Address 8 issues found in spec audit (post PR #2):
1. §refs label: distinguish design vs report sections in p3-1 / p3-2 / p4-2 /
p9-1 / p9-5 contract_sections (e.g., "report §11.2 Ollama" not "§11.2").
2. mock feature gate: gate MockEmbedder (p3-1) and MockLanguageModel (p4-1)
behind `mock` cargo feature, default OFF; add CI symbol-scan as DoD item.
3. Warning type unification: p1-2 frontmatter now emits
`kb_parse_types::Warning` (matches p1-3 / p1-4); drops crate-internal type.
4. p4-3 streaming thread: explicitly single-threaded inside RagPipeline::ask;
collection + sink.send share the calling thread, no race. UI concurrency
is callers responsibility (TUI worker thread pattern in p9-3).

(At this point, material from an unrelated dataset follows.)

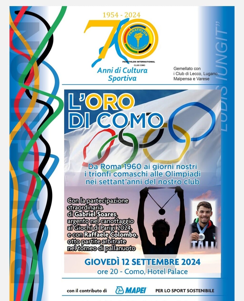 Devo ringraziare all'infinito il presidente Giorgio Costa per la fiducia accordatami (vale più di una medaglia) e per aver accettato anche le proposte mie, di Ignazio Landi e del gruppo per il Premio Panathlon, assegnato a Gianfelice Facchetti e al suo Capitani, che fin d'ora mi impegno di portare al "mio" club di Como”.
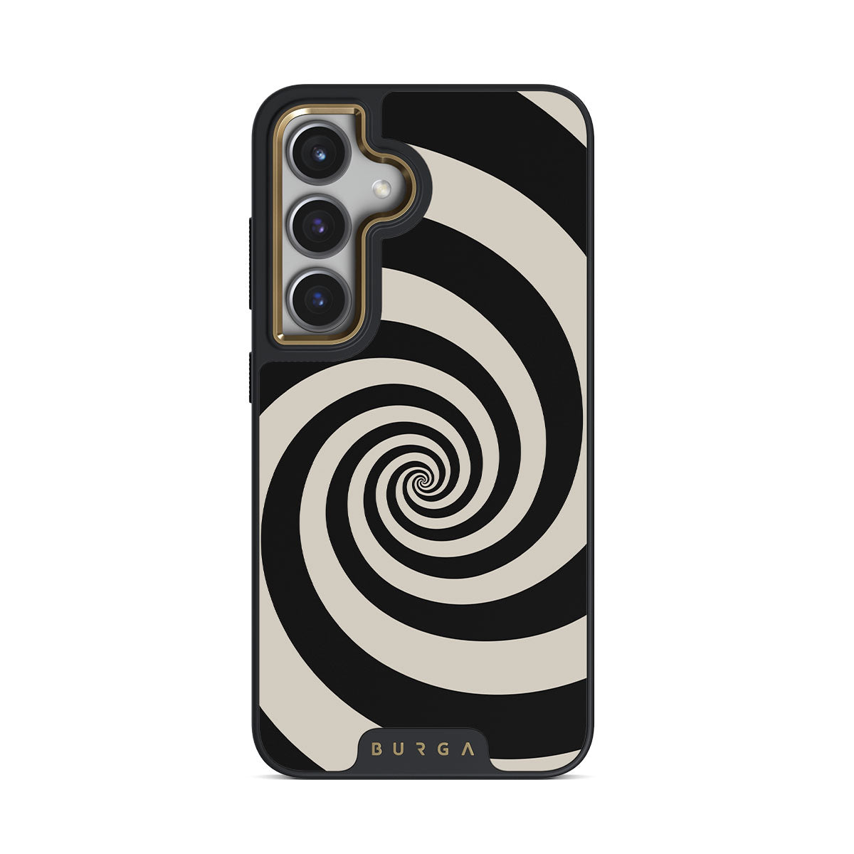 En este diseño: espiral blanco y negro, patrón hipnótico

5. p6-2 tesseract version: noted that `tesseract` 0.13 has no stable Rust
`version()` accessor; use TessVersion FFI or shell-out + cache approach.

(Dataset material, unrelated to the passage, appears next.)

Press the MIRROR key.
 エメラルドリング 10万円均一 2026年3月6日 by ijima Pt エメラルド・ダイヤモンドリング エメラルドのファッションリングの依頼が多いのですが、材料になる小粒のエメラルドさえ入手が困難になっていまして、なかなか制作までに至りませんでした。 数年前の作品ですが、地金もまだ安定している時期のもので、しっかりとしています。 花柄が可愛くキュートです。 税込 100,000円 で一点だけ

6. p9-* App struct extensions: introduce `kb_tui::{Library,Search,Ask,Inspect}State`
slots in p9-1 forward-decl form; p9-2/3/4 fill bodies in their own crate
without editing `App`. Parallel-safety contract added.
7. p3-3 cosine score: shift `(sim+1)/2` instead of clamp; preserve ranking
signal between unrelated and opposite vectors. Clamp reserved for NaN.
8. fixtures/ root: p0-1 DoD now creates all fixture subdirs with .gitkeep so
downstream tasks have a stable target path.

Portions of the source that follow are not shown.